Se a memória não me trai (coisa frequente) Orwell, no final do seu Homenagem à Catalunha avertia para a parcialidade da sua visão dos factos, não porque fossem falseados, mas porque apenas tinha visto uma parte do conflito; aquela parte possível a partir do lado pelo qual combateu. Li no início de Janeiro do ano passado – numa espera prolongada no aeroporto de Brasília – o relato histórico da participação de voluntários noruegueses na Guerra Civil espanhola, com as histórias das jornalistas nórdicas que acompanharam o conflito. Gerda Grepp (a primeira a chegar nos meses finais de 36), a sueca Barbro Alving do Dagens Nyeter, e a que (erradamente), se atribui a fama de primeira norueguesa no terreno: Lise Lindgbaek, do Dagbladet.

Grepp chegou a Barcelona no Outono de 36, tendo daí seguido para Madrid para presenciar os primeiros bombardeamentos aéreos da cidade por parte dos alemães; e observar que estava perante assassínio massivo, não já apenas a guerra no sentido convencional.

Mas a repórter nórdica não se impressionaria apenas com os excessos da parte franquista e seus aliados internacionais. Ficaria impressionada também, em Cuenca, ao ouvir o relato do terror e dos métodos usados para com os opositores ao regime republicano.

No início do ano seguinte (1937) Grepp voltaria a Espanha e a Madrid para viajar desta vez para sul na companhia de Arthur Kloester tendo quase assistido à queda da cidade de Málaga nos 10 dias que passou na companhia de Kloester. Não assistiu à prisão deste, ocorrida a 7 de Fevereiro de 1937, porque Kloester tratou de a pôr em segurança – na única estrada de fuga aberta na altura – antes de ele próprio voltar novamente para Málaga e ser aprisionado.

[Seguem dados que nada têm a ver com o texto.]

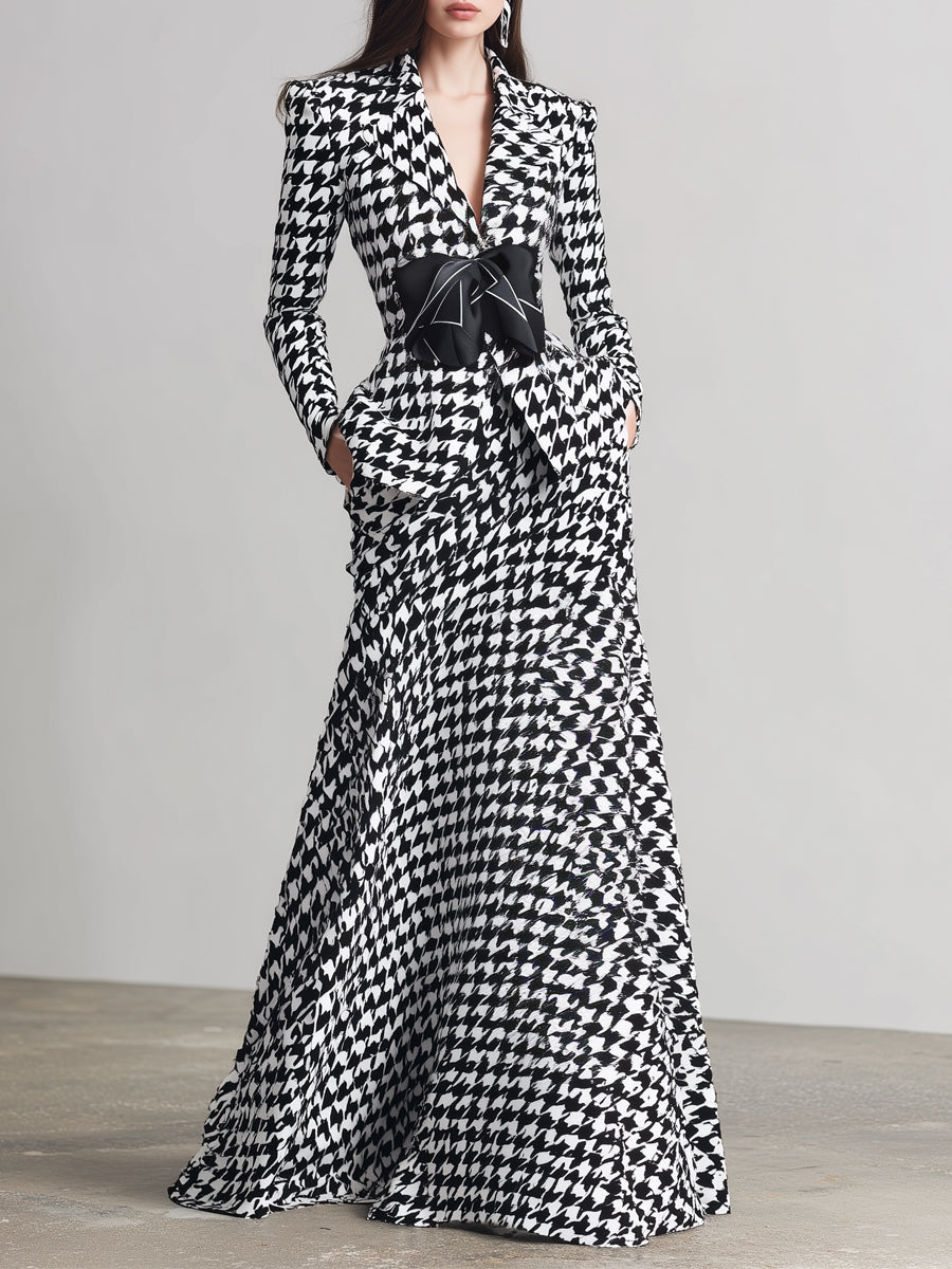Women's Black And White Houndstooth Bow-Decorated Long A-Line Suit With Concealed Buttons
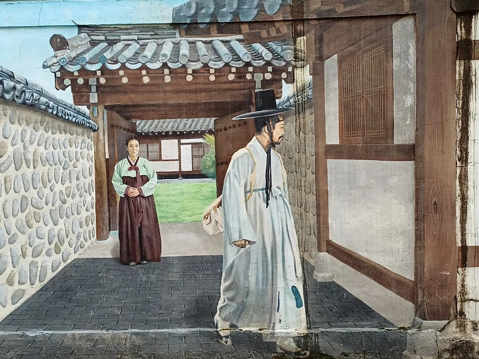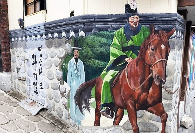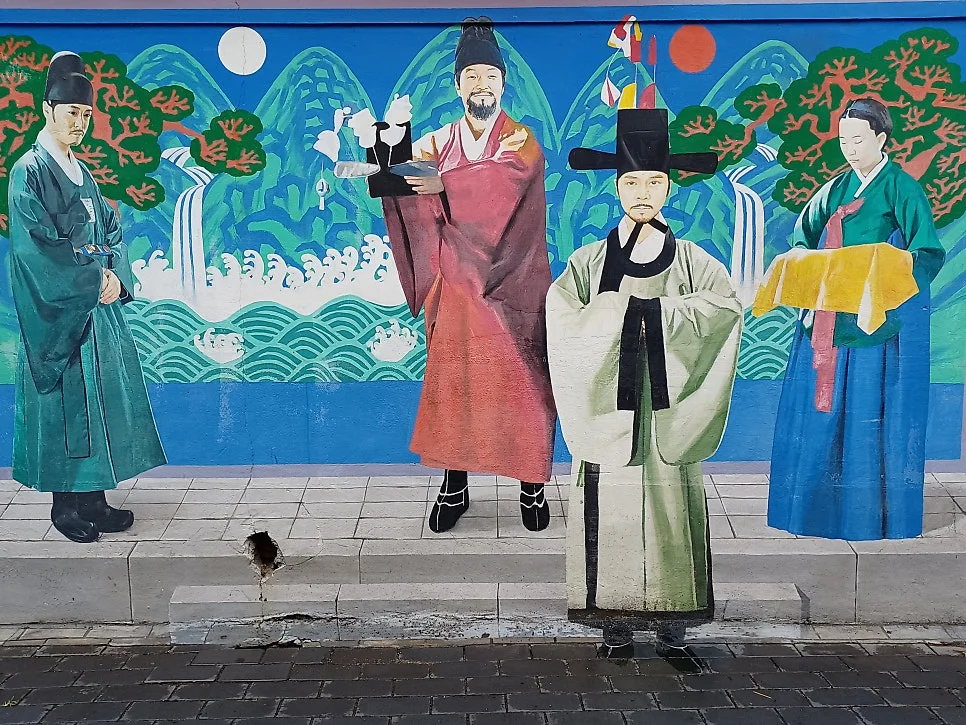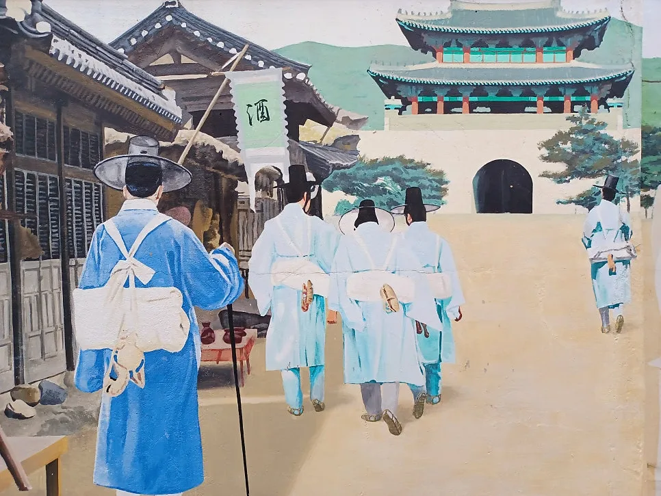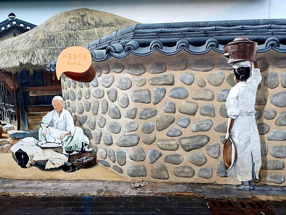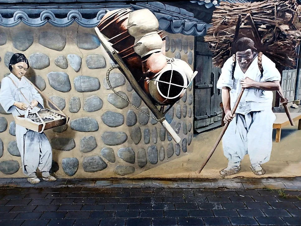 대구시 중구 계산동 현대백화점 뒤쪽에 복원된 영남대로 옛길 담벼락, 풍속화가 그려져 있다.

Abaixo a foto de Gerda Grepp, a sua credencial de correspondente estrangeira, e uma reprodução de um seu artigo.

Sem a tentação da graçola fácil (a expensas da memória e do destino trágico de jovens idealistas que de toda a parte da Europa acorreram a Espanha pressentindo que o futuro do seu século se jogava já ali) ao ler a história destas jornalistas nórdicas que não tiveram pejo de mergulhar nos cenários de guerra, deparo com esta foto de soldados que voltam do banho perto de Valência e é impossível resistir a pensar se a foto teria sido tirada por uma repórter feminina. Neste caso, teríamos duas visões opostas da guerra; segundo a ideologia, e segundo o género. Infelizmente, não há outra indicação que não a de que a foto faz parte do arquivo do Movimento Trabalhista.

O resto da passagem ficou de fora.